Really nice, I'm going to work at the recursive exturl perl sub (I have a working version yet, but not looping, and I'm working on a looping one which allows users to specify depth - what do I mean with looping? Well, I'll explain it better in my next message ;))

null
01-11-2003, 06:04 PM
Oops!

Thanks mala for doing my job. It was actually my responsibility to explain the pipeline, but you have done it. Thanks again, it's a really good analysis - looks like you have something to do with reverse engineering, can that be!?

- Greetz -

null

score
01-11-2003, 10:45 PM
mala: i noticed in one of your posts a - .*? - in a regexp. i'm new to regexps and i understood
- . - means "any char"
- * - means 0 or more times
then, i know - ? - means 0 or 1 'times' (or if you will, 'possibly' this char...)

but i still don't understand what - .*? - does?
(still, i did use it in codes - along you lines - and it helped me a lot....)

could you help?


ps. anyway i found the book "mastering regular expressions in perl" very helpful

mala
01-12-2003, 09:20 AM
mala: i noticed in one of your posts a - .*? - in a regexp. i'm new to regexps and i understood *
- . - means \"any char\" *
- * - means 0 or more times
then, i know - ? - means 0 or 1 'times' (or if you will, 'possibly' this char...)

but i still don't understand what - .*? - does?
(still, i did use it in codes - along you lines - and it helped me a lot....)

could you help?

Sure!

That question mark, used after the asterisk, is the "greedy" operator. Usually, in a regular expression, when you write a .* you mean "match everything" and this is quite a powerful command: if you don't specify the match to be greedy, then everything until the LAST occurrence of the text which follows the .* will match.

As an example:

<a href=".*">

will match both <a href="page.htm"> and <a href="page.htm" target="wherever">, which is not what you want ;)

if, instead, you write

<a href=".*?">

it will match everything between double quotes, stopping at the FIRST double quote it finds.

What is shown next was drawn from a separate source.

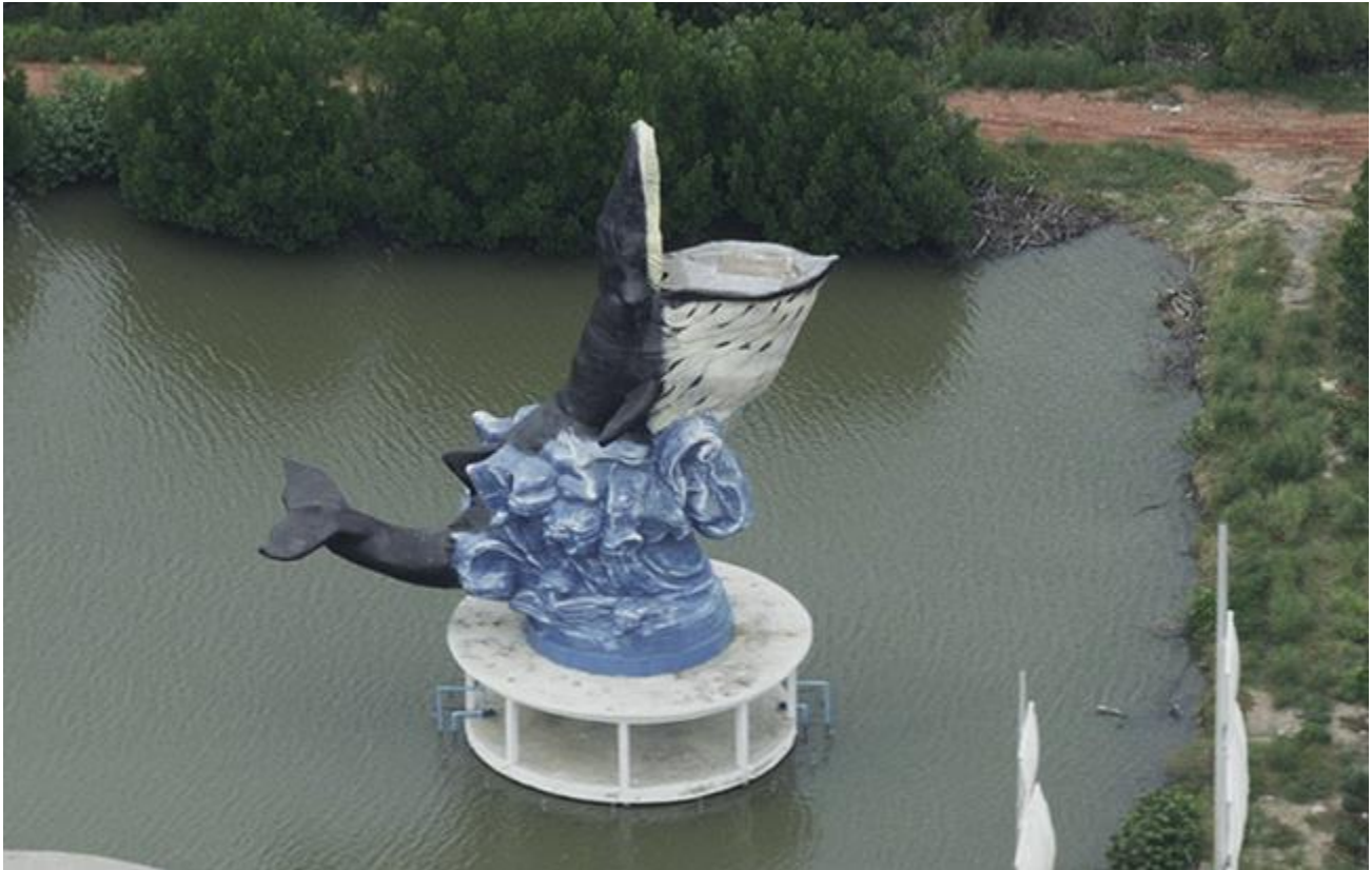
รูปปั้นวาฬรูปร่างใหญ่ของหน่วยงานหนึ่งใกล้ๆกับชายทะเล

ครับ รูปปั้นวาฬรูปร่างใหญ่ครับ น่าจะเป็นของหน่วยงานไหนไว้วันหลังจะหารายละเอียดมาดูกันครับ.

ps. anyway i found the book \"mastering regular expressions in perl\" very helpful

Here's a couple of links for the ones who would like to give a look at this book:

http://www.trig.org/cs/
http://books.pdox.net/Computers/

(quite easy to find, just put the title of the book inside google ;))

null
01-15-2003, 07:15 PM
I would like to add something about the "traditional" way of greedy matching. I'll explain it on a simple example which kills the tags in a HTML file. You could do something like:

$ cat index.htm | sed 's/<[^>]*>//g'

... and it would remove all the tags from the input file (here: index.htm) under certain circumstances (to be explained by mala !!!). The regexp is here <[^>]*> which means:

1. match the '<'
2. match everything which is not a '>' zero or more times - [^>]*
3. match the '>'

This way the matching stops at the first occurence of '>' in contrary to <.*> which "eats" all the chars between the first '<' and the last '>' on a line.

null

mala
01-16-2003, 11:59 AM
$ cat index.htm | sed 's/<[^>]*>//g'

... and it would remove all the tags from the input file (here: index.htm) under certain circumstances (to be explained by mala !!!).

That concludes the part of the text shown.